Parents joke through their teeth about bedtimes, but it’s not really a joke. It’s a well-known fact that for parents, bedtime is the absolute worst time of the day. For our family specifically, it seems like everything can be going great, everyone is enjoying themselves, baths are silly, reading books is cuddly and sweet, they want to give a bunch of hugs and kisses, we leave their room smiling and happy…we sit down on the couch, take a deep breath, and before we can even release it, one kid is wandering out into the living room to ask if he can eat your dinner (food he wouldn’t deign to touch if it was served to him at 6pm), or the other kid is calling lustily from her crib, “I need a stuffed animal from the hammock! I need a new diaper! MOOOOOOMMMMMMYYYYYY! What do deers eat?”

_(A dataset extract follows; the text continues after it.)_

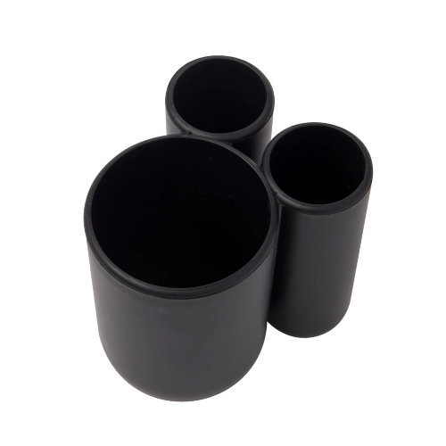 El soporte del cepillo de dientes táctil tiene tres compartimentos; uno grande para artículos voluminosos como pasta de dientes, y dos compartimentos más pequeños para cepillos de dientes de tamaño regular. Tener soportes separados ayudará a mantener sus cepillos de dientes organizados, y será menos probable que mezcle su cepillo de dientes con el de otra persona en un baño compartido. Touch está hecho de un material mate, suave al tacto, que es fácil de limpiar y altamente duradero. El acabado es lujoso y agradable a la vista.

A casualty of having children who get more mobile and aware has been relaxing evenings where Drew and I are able to have long conversations that traverse many topics and end with a satisfying conclusion. Whether kids are awake, asleep, or in that in-between period (which seems to last HOURS), we’re constantly being interrupted in sentence, thought, or bite of dinner we put off until 8pm.

I realized this Sunday that it makes me question everything I say. Because if I’m going to be interrupted, I don’t want to have to come back, going, “What was I saying?” and be reminded that it was something stupid or pointless. Which is unfortunate, because I think a lot of nighttime unwinding conversation is just little stories about your day or something you saw online or something weird someone said, stories that don’t necessarily have a lot of heft.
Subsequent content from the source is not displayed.